MWC 2016 roundup: the biggest new phones announced at this year’s Mobile World Congress
LG G5
LG’s new flagship handset is one of the first modular designs to market, allowing you to remove part of the phone to snap on new accessories to upgrade or add functionality. So far LG has shown the G5 customised with a camera grip – which adds additional battery capacity as well as shutter controls – and an audio-enhancing external DAC pack from Bang & Olufsen. The LG G5 is essentially the Lego of phones, but even before you consider the customisation options, it boasts an impressive set of features as standard. The 5.3” handset has a USB Type-C connection and features a secondary rear camera that allows for wide-angle photography. The screen never sleeps either, always displaying the time.
HP Elite X3
The only Windows phone on this page and the first phone HP has made since 2014, the Elite X3 is a superpowered little device that’s capable of transforming into a desktop PC once hooked up to a television or monitor. Enabling this transformation is the X3’s top-end Snapdragon 820 CPU, bolstered by 4GB of RAM, which is more power than you could feasibly ever need from a phone. That’s hardware to write home to your mother about, but with the dearth of apps on the Windows Store it could all be for naught. It’s big too, with a 6” screen you could eat your dinner off.
CAT S60
From the folks who built all of those yellow trucks and diggers smashing around outside your office window comes this rugged brick of a phone.
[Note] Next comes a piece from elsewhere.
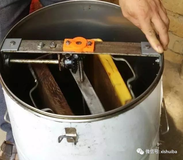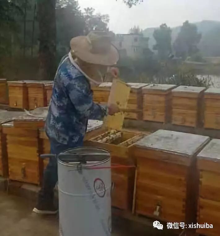 养蜂人最开心的事,就是摇蜜了,摇蜜之前要把蜂蜡切掉,然后再利用摇蜜机采取离心运动将巢胚里面的蜜摇出来。
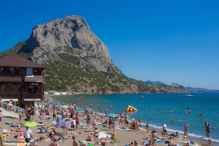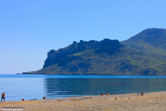 Пляж в Коктебеле на фоне древнего потухшего вулкана Кара-Даг.

Designed for use on construction sites, the bulky Cat S60 boldy claims to be able to survive “military drop tests”. The thing looks like it could survive a nuclear blast, with its reinforced die cast frame happily withstanding 1.8 metre falls on to concrete. This hulk of a phone is also dustproof, waterproof to a depth of five metres, works with wet and gloved hands and, strangest of all, comes with a built-in thermal imaging camera. Ideal for checking insulation, or hunting for hot ghosts.
Samsung Galaxy S7 and S7 Edge
The S6 is still one of the best phones available today, so it’s unsurprising that Samsung hasn’t made radical design changes with their newly announced Galaxy S7. There are two models, one with the familiar curved screen edges and one without. Both have been improved by aesthetic tweaks that make the phone more comfortable to hold, such as a smaller camera bump and a flush fingerprint sensor. Inside is where you’ll find the biggest changes. The higher-specced S7 Edge model has a beefier processer, a longer lasting battery and a massively improved 12MP camera. It’s waterproof too, because the future will be wet.
Sony Xperia X series
Rather than announce a new flagship handset – that crown is still worn by the super high-spec Sony Xperia Z5 – Sony instead revealed a trio of new mid-range phones at this year’s MWC: the Xperia XA, the Xperia X and the Xperia X Performance. The latter is the most interesting of the bunch, a top-of-the-line phone with boosted specs that rival the Xperia Z5. A super high-resolution 23MP camera boasts what Sony is calling “predictive hybrid autofocus”, which uses a mixture of science and magic to predict where your subject will be before they actually get there, leading to better focusing on moving targets.